Our Own Roots ‘n’ Ganja Man Visits Planet Reggae


Since born rebels see comrades in every other outlaw and country & western’s twang once ran Jamaican airwaves, our own roots ‘n’ ganja man’s reggae album isn’t strange, just overdue.

Planet Reggae maintains no tune ever lived that couldn’t benefit from a one-drop injection, and that bias holds up here, though to be fair, Willie’s music is comfortable in any world he chooses to visit. Mostly reggaefied c&w chestnuts, these 12 tracks smoothly fold in home comforts—acoustic guitar, pedal steel, dobro, and harmonica.
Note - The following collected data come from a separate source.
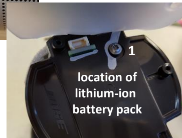
top of unit

Carefully slide the battery pack out of the unit.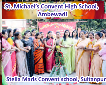
Stella Maris Convent school, Sultanpur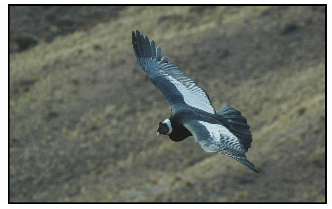
Andean Condor is one of the big targets in the Andes.

Torres del Paine is a remote refuge where the Patagonian wildlife is tame and abundant. Here we can expect to see the inquisitive Guanaco , Patagonian Fox , Patagonian Huemul (Andean deer), Large Hairy Armadillo , Andean Condor , Black-faced Ibis , and Torrent Duck , which all share the mountain landscape with the top predator of the region, Puma or mountain lion. This <u>Chile</u> birding and mammal tour focuses on the observation and photography of this large, elegant cat in the most spectacular area of its entire range.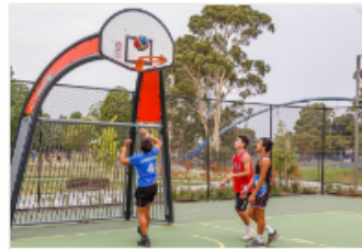
Get Up and Move! Tuesday 27 June, 11:00am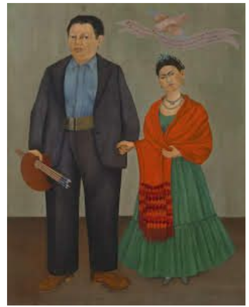
Frida and Diego Rivera 1931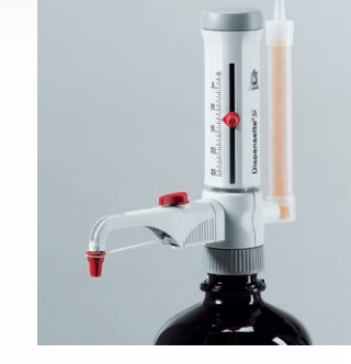
Dispensing sterile fluids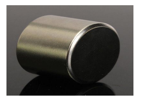
Fig.6- cylindrical magnet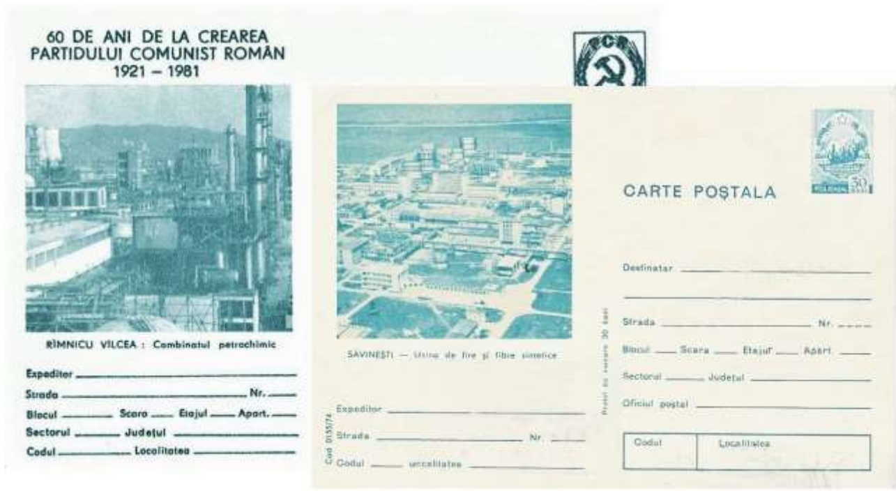
Figure 6. Râmnicu Vâlcea: The Petrochemical Factories (1981) and Săvinești: The Synthetical Threads and Fibres Factory (1974)

Large chemical factories such as those from Râmnicu Vâlcea or Săvinești (Figure 6), with more than 20,000 employees [37] have remained in the local memory and also as local identity icons, considering that these factories and their products were known nation widely. Ore smelters like that from Hunedoara (for decades it was the home of the most important iron and steel industry from Romania) [38, 39] were considered great achievements of the Communist Party.

He revives his oft covered “One in a Row,” “You Left Me a Long Time Ago,” and “Darkness on the Face of the World,” trailed by a juicy dub. A do-over of Johnny Cash’s “I’m a Worried Man” blends Toots Hibbert’s gutsy preacher style with Willie’s mellow warmth. But it’s Willie’s versions of Jimmy Cliff’s “Sitting in Limbo” and “The Harder They Come” that take his full measure. Where most reggae guys rail against bad fortune, Willie’s more likely to lay back and roll one. So Cliff’s cathartic originals remain definitive. But the remakes’ power creeps up on you—an easy, inevitable build that testifies to the glories of musical sincerity.